Tuesday, July 27, 2010

onward, Christian divas

Pastor Emeritus' blog post of last week discusses prayer - our concept of, and approach to, prayer. He underlined three important things to remember as we pray: 1. to just be where we are. Not to put our fears, concerns, bad moods, bad hair days, swollen vocal cords, "singer phlegm", and anger aside - but to just accept all of those things and start from that place. 2. trust in the most positive outcome - not just hope for it, but believe it to be already done. 3. Forgive others. Let go, and truly forgive.

And of course, our prayers do not change God. They change us.

These concepts came full circle as I went through rehearsals yesterday. As with most mornings right now, I did my best to take it easy physically, doing whatever exercise my instincts tell me is right for that day - not too much, not too little. And there is Facebook and the radio to keep me distracted as I wait to just jump in and do it already! By 4pm, I was reviewing the staging with my Tenor (his first day back after illness). There was some tension as his over-eager understudy advised him, and Tenor had his own (often conflicting) ideas - for me, it was an exercise in graciousness as I just rolled with it and tried to get along with everyone.
[I'm also hoping he's not still contagious, as we are obviously in close contact. I do not have an understudy].

Hence, by the dinner break I was exhausted. I drove to a quiet neighborhood to eat my leftover veggie burger and unplug for a while. It occurred to me that the worry is what is most exhausting, second only to the need to pretend that I am confident and comfortable in the role of prima donna. One can only uphold a charade for so many hours per day.
I find that I get depressed by the dinner break - I'm not sure if it's that I'm coming down off of caffeine, or a drop in blood sugar levels, etc.
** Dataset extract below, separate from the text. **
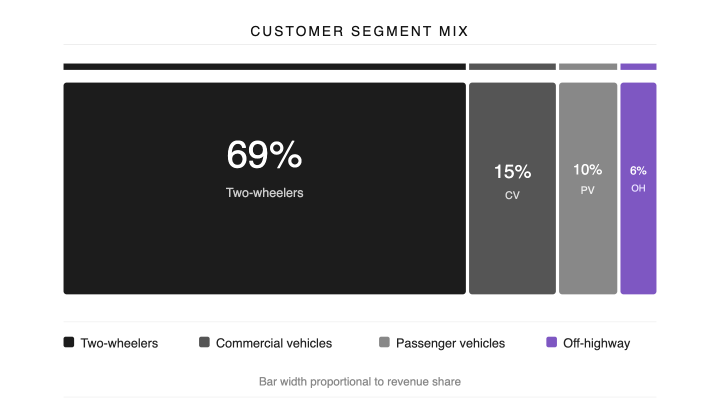 Two-wheelers form the largest customer segment at 69% of revenue.

But yesterday I decided to give in to it, and just be tired. I just rested my eyes, there in the sanctuary of my car, played around on my phone, just decompressed. And while I was doing so, I remembered P.E.'s post.

It occurred to me that perhaps I might try to approach rehearsal with the same concepts in mind:

1. To just be where I am, in terms of A. my actual process of learning to sing this well and bringing the character to life, and also, B. my fear. Using my fear, and even celebrating it - letting it motivate the character, looking at it as a strength: that perhaps the image is not a cowering, fearful person - but more like a quivering, vulnerable, out-on-a-limb human being, courageously exposing one's true and imperfect self - which frankly, is the best state in which we connect with each other as artists, with our audience, with others offstage, and to God.
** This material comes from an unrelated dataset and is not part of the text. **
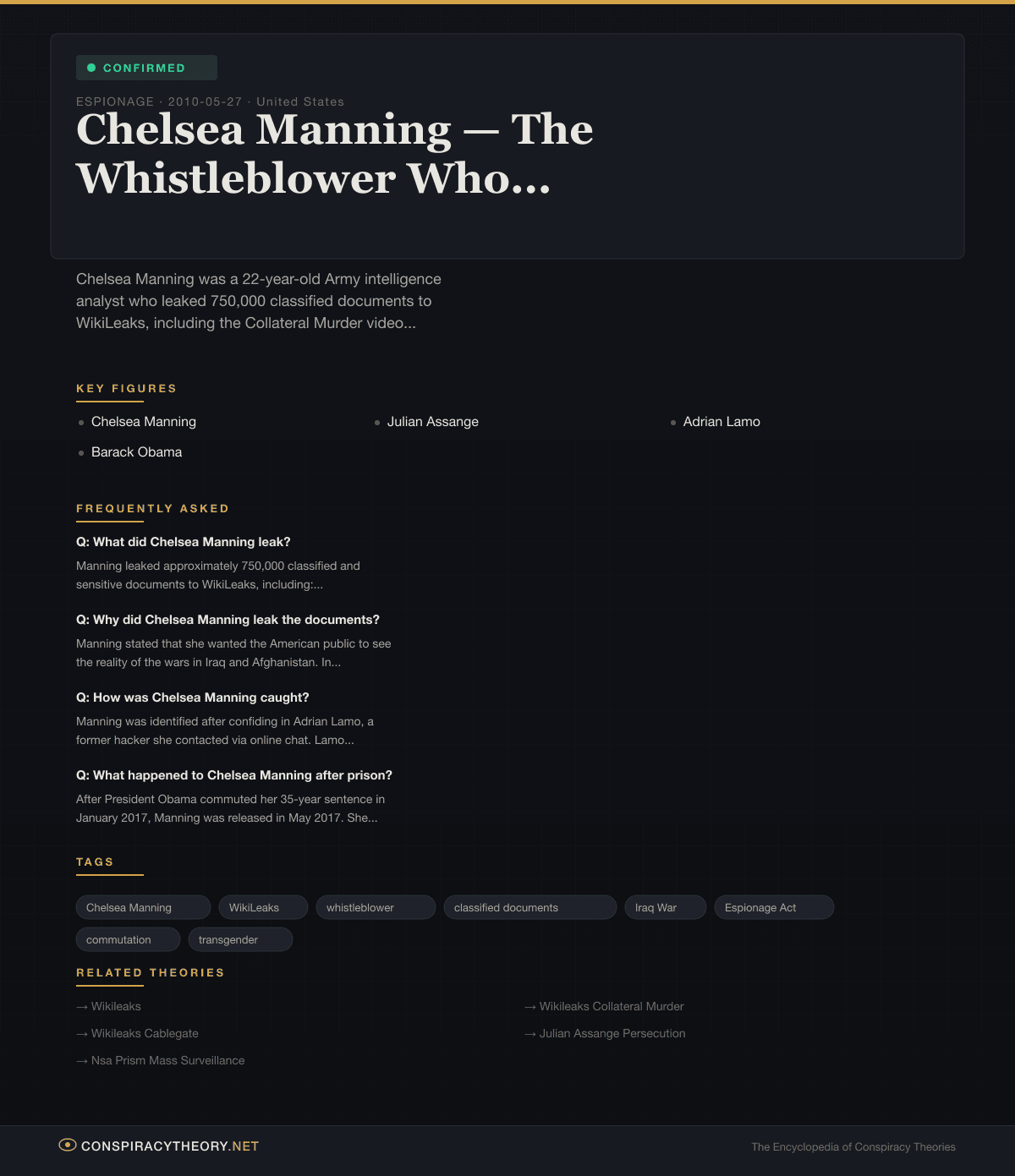 Manning sent the material to WikiLeaks. WikiLeaks published it. And the world changed — not dramatically, not overnight, but in ways that are still reverberating through American foreign policy, press freedom law, military culture, and the relationship between governments and the information they keep secret.

2. Trust in a positive outcome. This needs no elaboration.

3. Forgive - or perhaps better put in this context - let go. Let go of misgivings about whether or not I belong here.... the fact is, I'm here. Let go of that which I cannot control - board members sitting in on rehearsals unannounced, critics, who attends on which night, being liked or not (ooh, a big one).
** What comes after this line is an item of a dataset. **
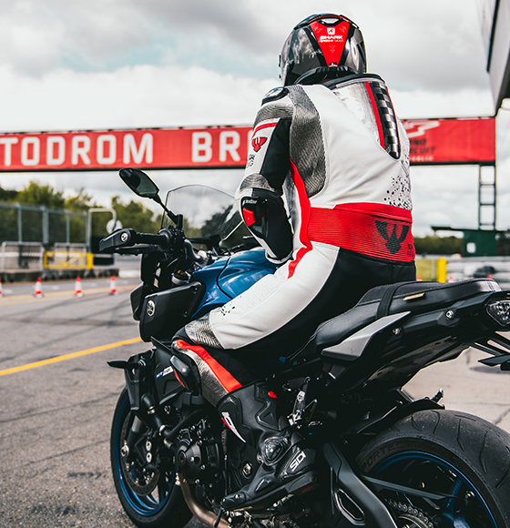 • protiskluzové pásky na stehnech pro lehkou ovladatelnost motocyklu

I can't say I was a perfectly enlightened being when I arrived for the 7pm rehearsal last night, but my experience was markedly different, and I even felt more at peace. Whether it was evident to those seeing and hearing me, I don't know - but I felt that I had stronger footing.

The downside, of course, is that I was so elated from this small personal triumph, that I couldn't get to sleep last night.

What can I say? - I'm a work in progress.... and another day begins.